Last edited by aja_christopher; 12-17-2017 at 05:14 PM.
Those are a good start, although a bit incomplete.
An analysis of legislative records isn't going to provide much information about executives, white house officials and other major political players.
The legislative record is largely limited to what's allowed to make it to a vote, which tends to weed out the most extreme stuff. Measuring ideology by how often individuals vote with their party can also be imperfect, since the person with a hundred percent might just be a partisan loyal to the establishment. A vote is seen as equally liberal/ conservative regardless of the stated reasons, so you could have a Republican who voted against Health Care reform because it didn't go far enough lumped in with Democrats who voted against it because they think changes would be harmful (to be fair, there is an argument for this given results.)
There will also be some political figures who aren't going to perfectly compare to others on a left/ right spectrum. For example, Rand Paul will be more uncompromising on some fiscal/ regulatory issues than most Republicans, but he might also side with Democrats on certain topics.
This discussion reminds me of Robert Reich's attempt to split the parties.
http://robertreich.org/post/166784538395
He thinks it comes down to Establishment Republicans, Anti-establishment Republicans, Social Conservative Republicans, Establishment Democrats, Anti-Establishment Democrats and Trump. In that case, the divide isn't completely over voting records.
Sincerely,
Thomas Mets
Pretty much! Other than that, they are all Open Primaries. In Presidential Elections, it's pretty much what the individual Parties decide for that cycle.
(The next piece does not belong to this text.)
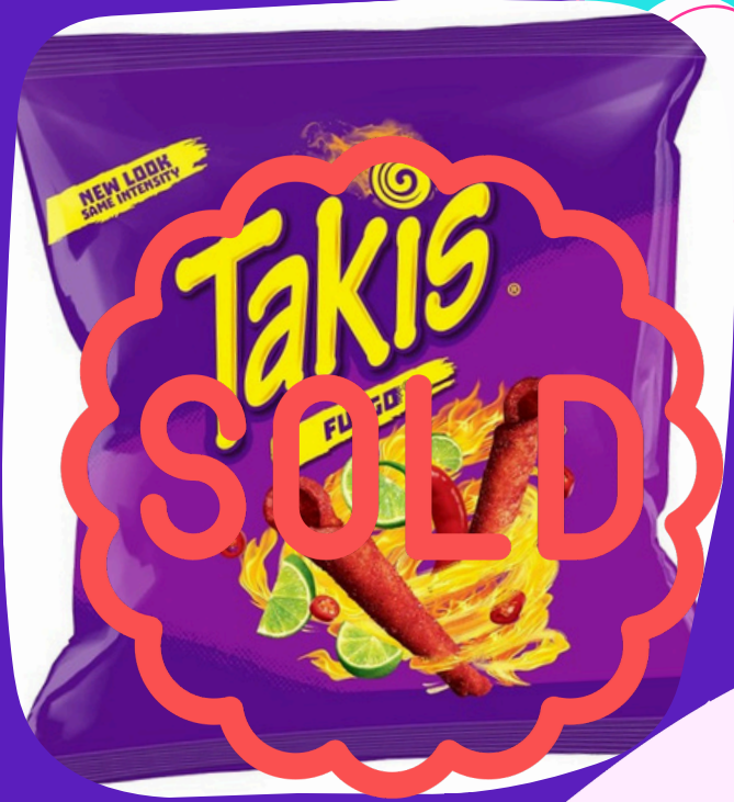
takis mini $7.000

The rebates that were offered in California several years ago were actually instrumental in me getting solar panels on my house and refurbishing some rental properties as well. If consumers can get things like this done at a drastically reduced rate, it will encourage more of them to do so. I get what you are saying about things like this keeping costs high, though. There should be wording in laws that keep vendors from fleecing the system.
I agree with all that for the most part. We just have different emphasis on the usefulness and harm that social programs do. When I see Social Security, I tend to look at how things were before it was enacted. Despite it's flaws, I don't revel in going back to a time where elderly people who didn't invest in their retirements were forced to live on the streets. Every law that has ever been passed has bonuses and drawbacks. IMO, it's about making sure the latter are dwarfed by the former.
WRT welfare, it just seems that the Republican Party focuses heavily on those few who are taking advantage of the system and don't really take into account the majority of those who are actually trying and/or unable to work that are hurt by measures to eliminate these programs.
Pull List: Barbaric,DC Black Label,Dept. of Truth,Fire Power,Hellboy,Saga,Something is Killing the Children,Terryverse,Usagi Yojimbo.
I came out of one of those Republican areas and I think everyone knew someone who was shamelessly milking the system. The question is how to get the people who really don't deserve it off of the system without either throwing the baby out with the bathwater or costing more than anything saved by fighting the fraud. I think it was Michigan which spent about 10x finding drug users on the system than they saved by not paying them. Waaaaasteful.
Along that line...
A while back, it seems like we went over that reimbursing Florida welfare recipients who passed the drug tests that the state intended to save money on by booting folks using drugs off of the program wound up costing the state a bunch of money.
While I'm all for oversight, you also need to be able to accept when the cost of oversight will likely be greater than what you might save by way of the oversight.
They found no one, so it was all waste:
https://www.theguardian.com/us-news/...esting-program
http://www.detroitnews.com/story/new...ning/94826672/
Please post a link if I'm wrong and new data has been found, or if any testing like this found any real number of people.